Le problème est que nous autres les adultes, nous avons beaucoup de responsabilités. Les adultes ont souvent des enfants, le loyer à payer, etc., c’est ça qui nous pousse souvent à aller travailler et à abandonner l’école, ce qui est contre notre volonté (Simon).

Cette situation en question est décrite de la même façon par nos participants de Montréal et de Brooklyn. Ils ont tous voulu étendre leur statut d’enfants pourvoyeurs à tous les autres compatriotes immigrants.

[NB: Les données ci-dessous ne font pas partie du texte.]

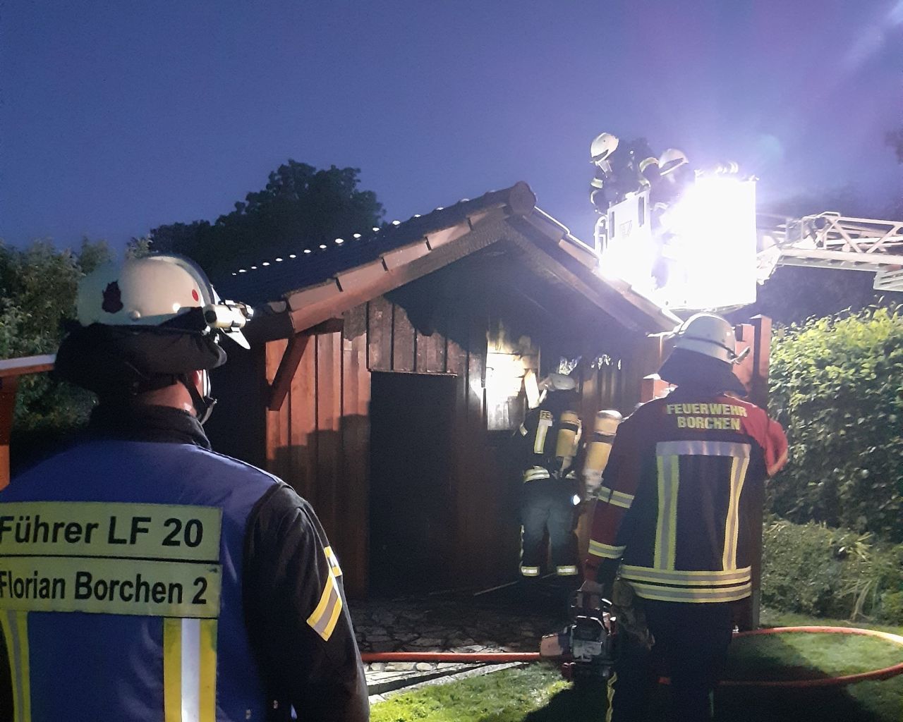 Gartenhütte am Westfalenweg steht am frühen Morgen in Flammen.

Ces jeunes qui sont le plus soucieux de leur famille en Haïti sont surtout ceux qui laissent Haïti après 18 ans. Ces derniers partagent ou prennent sur leur dos toute la charge économique ou presque de leurs proches qu’ils ont laissés derrière eux. Non seulement ils « subventionnent » leurs parents et familles en Haïti, mais aussi ils doivent travailler pour satisfaire leurs besoins personnels. Sans te cacher, je ne suis pas une exception à la règle (Lens).

La réalité décrite par Lens est à peu près semblable à celle d’Elta. Tant soit peu, et ceci de manière régulière, cette dernière a dû faire face à cette dite obligation qui consiste à soutenir économiquement ses proches en Haïti.

Comme vous le savez, lorsqu’on quitte le pays (Haïti) pour venir à l’étranger, tout le monde en Haïti pense, peu de temps après votre départ, que vous avez de l’argent, que vous êtes déjà rendu riche. Moi, je n’ai pas trop d’engagements envers ma famille en Haïti, mais je dois chaque mois, envoyer, le peu qu’il soit, de l’argent à ma mère en particulier. Ma mère ne travaille pas et elle est atteinte du cancer du sein. C’est une obligation pour moi de travailler pour pouvoir chaque mois faire un petit geste avec elle (Elta).

4.1.3.2 Le souci pour les parents immigrants

Les immigrants haïtiens ne se donnent pas seulement de la peine pour leurs proches en Haïti. Ils sont également très intéressés par la santé et les conditions de vie de leurs parents en compagnie desquels ils vivent sur la terre d’accueil. On peut citer à titre d’exemple le participant Derly dans la citation suivante : « Ma mère aurait pu m’aider à rester à l’école, mais au Canada elle ne travaille pas, elle est malade. C’est mon autre frère et moi qui la soutenons financièrement ». Et c’est à peu près le même cas de figure pour cette autre interviewée de New York :

Depuis quelques années, ma mère ne travaille plus à la suite d’un terrible accident. Je suis obligée de m’occuper d’elle, de la supporter. J’avais aussi un business (une activité commerciale) en Haïti ; mais après le tremblement de terre du 12 janvier 2010 qui avait ravagé le pays, j’avais tout perdu, j’avais dû recommencer à zéro. Tu comprends comment il devient difficile pour un jeune qui vit une telle réalité de rester à l’école ? (Mandy).

Donc, le souci des immigrants de première génération, les adultes en particulier, pour leurs proches en situation de précarité est un sous-thème très présent dans plusieurs de nos entrevues. Par ailleurs, on constate qu’ils parlent le plus souvent de leurs mères lorsqu’il leur revenait d’aborder cette question, à s’en tenir, à titre d’exemple, aux dernières unités de significations précédentes.